Rubén Amón-El Confidencial
El caso de ‘Lo que el viento se llevó’ refleja la censura que ejerce la sociedad civil, restringiendo la libertad y convirtiendo a los ciudadanos en niños
Una de los fenómenos más fascinantes de las sociedades occidentales consiste en la figura del censor privado. O del inquisidor de paisano que restringe las libertades ajenas a iniciativa propia. No hace falta que los gobiernos diseñen un plan de propaganda y de control de las ideas, aunque a veces lo hagan. Desempeña ese mismo papel la sociedad civil.
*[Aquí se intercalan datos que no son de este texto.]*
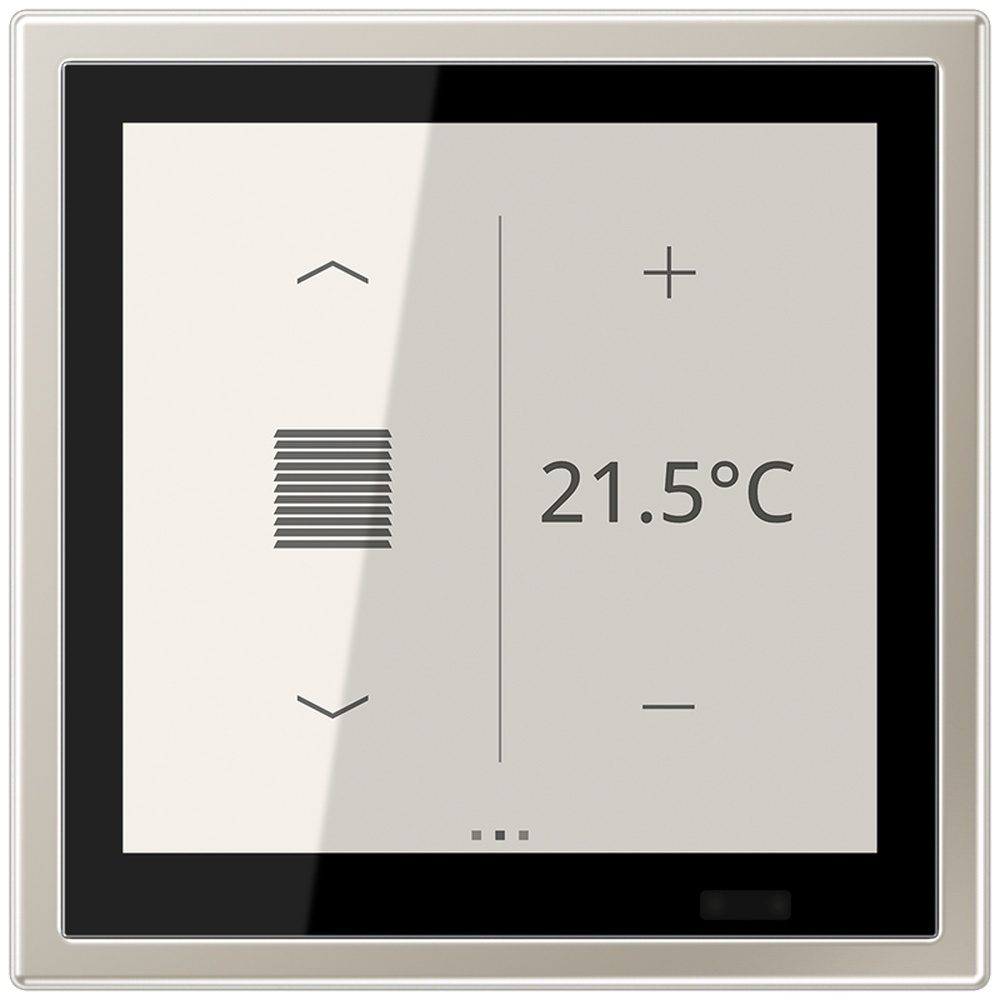 Jung KNX Raumcontroller ES459D1S KNX Raumcontroller LS TOUCH mit Rahmen LS 990, Serie LS, Edelstahl mit integriertem 1fach-Rahmen LS 990 Nur als Einzelgerät zu montieren! Bestimmungsgemäßer Gebrauch Bedienen von Verbrauchern und Visualisieren von Anlagenzuständen und Informationen, z.B. Licht schalten und dimmen, Behänge steuern, Temperatur- und Verbrauchswerte etc. Messen und Regeln der Raumtemperatur Montage in Gerätedose mit Abmessungen nach DIN 49073 Produkteigenschaften Hochauflösendes IPS Farbdisplay Kapazitiver Touchscreen Funktionen der Favoriten-Seiten einstellbar (ohne ETS) Max. 32 Bedienfunktionen Schalten, Dimmen, Jalousiesteuerung, Wertgeber, Szenenaufruf etc. Integrierter Raumtemperaturfühler Raumtemperaturregelung mit Sollwertvorgabe Alarmfunktion (akustisch und/oder optisch) Max. 8 Zeitschaltfunktionen aktivierbar und einstellbar (abhängig von Uhrzeit, Astro oder Zufall) Integrierter Näherungs- und Helligkeitssensor Integrierter Busankoppler Anschluss von Installationstastern oder Reedkontakten möglich Inbetriebnahme und Unterstützung von KNX Data Secure mit ETS ab Version 5.7.4 Anzeige von Raum- und Soll-Temperatur Fernfühler (Art.-Nr.: FF NTC) anschließbar Anzeige der Außentemperatur – mit externem Sensor, z.B. Wetterstation In Verbindung mit JUNG Smart Visu Server: Steuerung von Musikwiedergabe und Lautstärkeregelung Hersteller Jung EAN Nr. 4011377194915 Warengruppe Jung Serie LS

Y proliferan, ya digo, los censores con capacidad de influencia y de decisión. El caso más reciente es el del patrón de la HBO, que ha descatalogado ‘Lo que el viento se llevó’ porque la considera un ejemplo de apología del racismo. Me pregunto por qué no ha retirado ‘The Wire‘. La mejor serie de su catálogo. Y la que más enfatiza la marginalidad de los negros en Baltimore, identificándolos como padrinos de la droga y el crimen organizado.
Al ciudadano se le infantiliza. Se le despoja de la capacidad crítica. Se le somete a una dieta de asepsia y mascarilla mental
Es inquietante el sacrificio totémico de ‘Lo que el viento se llevó’ porque es uno de los muchos casos que están describiendo el instinto protector de los grandes productores culturales. Se sienten en la obligación de moralizar y disculparse. Disculparse, claro, por fechorías ajenas y extemporáneas. Nada hay más fácil que pedir perdón por los errores que cometieron otros hace décadas o siglos. Es lo que hace el Papa cuando se disculpa por la sanguinolencia de las remotas cruzadas.
Más las sociedades se globalizan, más desarrollan un modelo de corrección que degenera en oscurantismo. La pacatería y el puritanismo se han convertido incluso en rasgos inequívocos de la progresía. Y no tanto de los gobernantes como de los intelectuales y productores, que se sienten obligados entre sí a consolidar un canon paternalista.
Al ciudadano se le infantiliza. Se le despoja de la capacidad crítica. Se le somete a una dieta de asepsia y mascarilla mental, no vaya a pensar por sí mismo ni a discriminar a título particular el límite de la realidad y de la ficción, la frontera entre la obra de arte y la responsabilidad histórica.
El inquisidor posmoderno no viste con sayo ni exhibe medallas. Desarrolla su oficio no solo confortado en el ejercicio del bien, sino convencido de que la censura del voluntariado le conviene a la sociedad en su camino de perfección.
La paradoja del fenómeno consiste en que se termina sustituyendo un fundamentalismo por otro. Se pretende combatir el racismo sacrificando la libertad de expresión. Y convirtiendo la cultura en un instrumento pedagógico y editorial cuyo propósito catártico —el fuego— requiere quemar libros y películas a 451 grados Farenheit.